5 Drake Songs You Should Actually Listen To From His New Albums

Drake’s three new albums, Iceman, Habibti, and Maid of Honour, have set the internet aflame. As an engagement strategy, the surprise trilogy drop is supremely effective. But it’s also successful as a tangible manifestation of Drake’s public persona and psyche. Thematically and sonically, each project represents a different facet of the man: Iceman, his tough rapper shell; Habibti his wounded lover boy heart; and Maid of Honour, his queen out club diva.

Some of the albums are more successful than others, and we’re still digesting our thoughts on each. But for now, see The FADER staff’s top five songs that we think are absolutely worth hearing if you aren’t interested in slogging through the 43 tracks. (Spoiler alert: Maid of Honour is our favorite of the three.)

“National Treasures” from Iceman

“National Treasures,” Drake’s most passionate track on Iceman, is a three-minute attempt at self-preservation. Two years since his very public feud with Kendrick Lamar, there’s clearly been a lot weighing on his mind. But humiliation, allegations, lawsuits, a multi-Grammy-winning diss track, and a Super Bowl performance aren’t enough to hold the Canadian rapper back from speaking his piece.
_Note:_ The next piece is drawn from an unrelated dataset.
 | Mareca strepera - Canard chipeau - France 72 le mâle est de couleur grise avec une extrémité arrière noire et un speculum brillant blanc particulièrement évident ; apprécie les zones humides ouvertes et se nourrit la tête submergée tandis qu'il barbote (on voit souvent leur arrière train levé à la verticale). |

“Cheetah Print” from Maid of Honour

Forget about the laconic, droll, insecure victim-complex of Iceman; Maid of Honour is where it’s at, specifically “Cheetah Print,” a real freak of a song. Hearing Peggy Gou’s iconic “(It Goes Like) Nanana” opening the track is a highlight, but the “Cha Cha Slide” interpolation—with Sexyy Red as the emcee breaking down the steps to a thottier version of the dance—is the moment that truly defines the track.
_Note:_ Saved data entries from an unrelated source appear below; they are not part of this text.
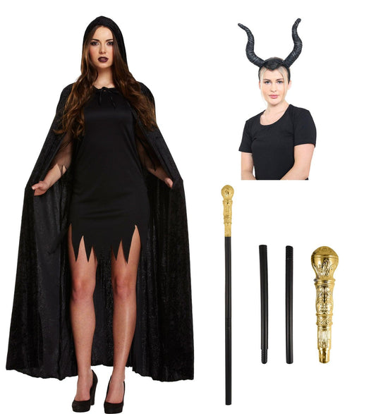 Elegant Black Velvet Hooded Cape, Fairytale Witch Horns Headband & Gold Pimp Cane Halloween Witch Costume Set.
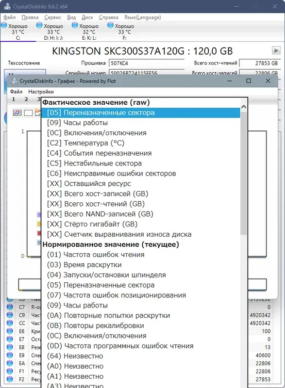 - Показ атрибутов S.M.A.R.T., таких как ошибки чтения и количество циклов перезапуска
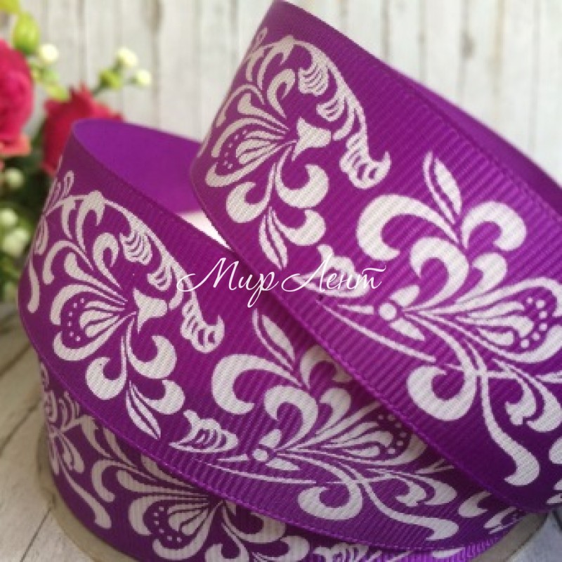 Репс 2,5 см, орнамент, темно-фиолетовый

“New Bestie” from Maid of Honour

Sometimes a good hook can do more than a hundred punchlines, and “New Bestie” proves it. Midway through the track, it shifts into a Jersey club beat, with Drake’s patois-inflected delivery paying homage to Vybz Kartel in a callback to his More Life era.
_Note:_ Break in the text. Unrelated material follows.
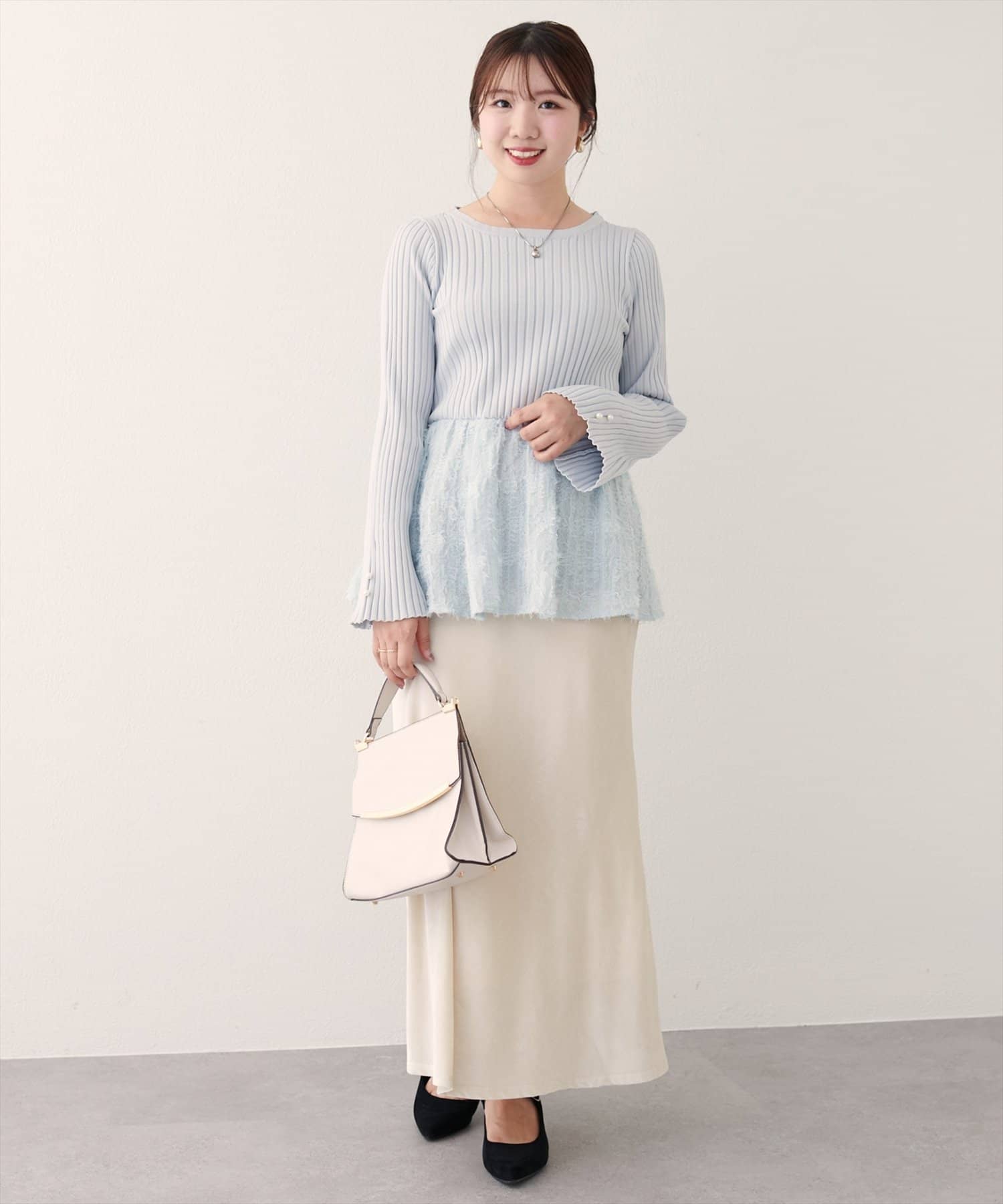 ペプラムでメリハリの出る女性らしさのでるデザイン。

“True Bestie” featuring Iconic Savvy from Maid of Honour

“True Bestie” absolutely bumps. Drake is the king of summer smashes, and since artists have replicated the Jersey club sound again and again, Drake taps Iconic Savvy for Chicago ass-shaking juke. Let the countdown to summer begin.

“White Bone”

At nearly 5 minutes, the longest track on Habibti, the R&B album of the trilogy, is a long and rambling 2 a.m. phone call. It recalls the same energy that skyrocketed Drake to fame as the annoying but endearing, down-bad womanizer during his Take Care-era. It is a flash of the human underneath the celebrity caricature.